The Big Lebowski Blu-ray review

The ultimate slacker tale from the strange and hilarious minds of the Coen brothers is finally available in a new limited edition Blu-ray book. The underachievement of the previously released special edition DVD are now in the past, with all new bonus content and 28 pages of collectible artwork and bios. The film is as good as ever in high definition, and the package is now worthy of the movie.

            Jeff Bridges stars as Jeff Lebowski, but he would much prefer everyone just call him “The Dude”. When he is mistaken for another Jeff Lebowski and threatened, The Dude’s main concern is that the perpetrator’s urinated on his rug, so he sets out to get a replacement. Suddenly a number of events are set into motion, throwing an extreme slacker into action, with the help of his bowling friends, Walter (John Goodman) and Donny (Steve Buscemi). This unlikely trio find themselves in the middle of a bizarre comedy of errors and mistaken identity. When the wife of the real Lebowski is kidnapped, things progress even further.
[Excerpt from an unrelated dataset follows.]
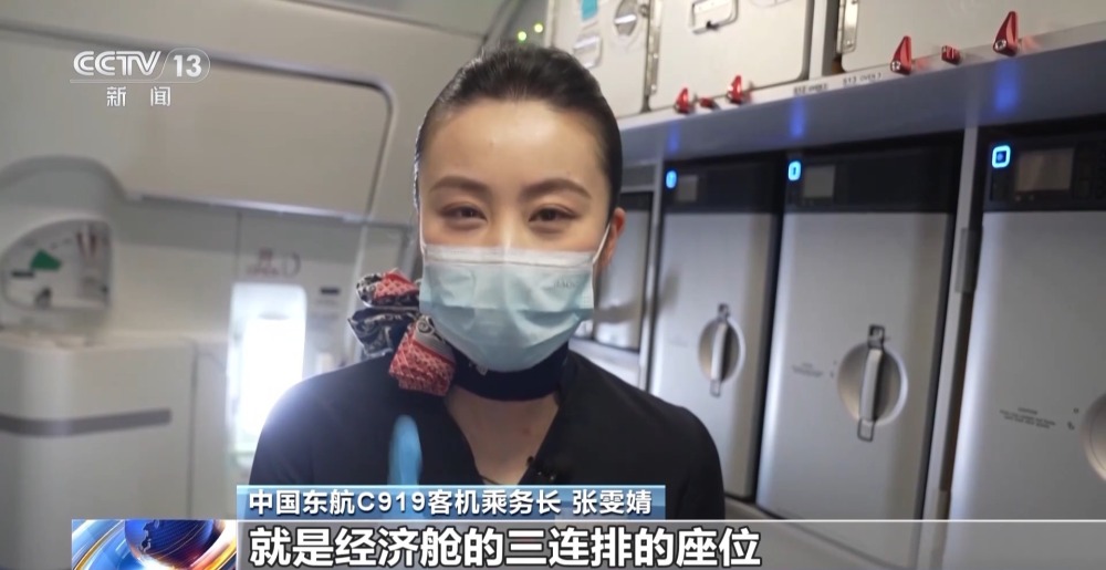 中國東航C919客機乘務長 張雯婧:我們非常特別的一點就是經(jīng)濟艙的三連排的座位,它要比其他的飛機中間座位更寬一點,寬1.5厘米。

            After the dark (yet still humorous) tone of Fargo, the Coen brothers returned to lighter and stranger once again. The Big Lebowski always seemed to be the style that they settled into after Raising Arizona was mixed with the realistic style of Miller’s Crossing or Fargo. On first viewing I was not extremely fond of The Big Lebowski, but it is the kind of film which grows on you.

            Along with the limited edition book packaging, there is also a great making of featurette with the Coen brothers, despite the fact that they hate doing interviews. This feature is just under thirty minutes and it really does cover a lot of great territory, but there are new additions to the package which were not on previous DVD releases. There is a ten-year retrospective, a featurette on the dream sequences in the film, and a few other additions. Not to mention the fact that the disc has Universal’s U-Control feature, which allows for some fantastic features during playback. One lists the music in the film as it comes on, while another keeps track of the number of times the F-word is used. There is also picture-in-picture interviews and behind-the-scenes footage.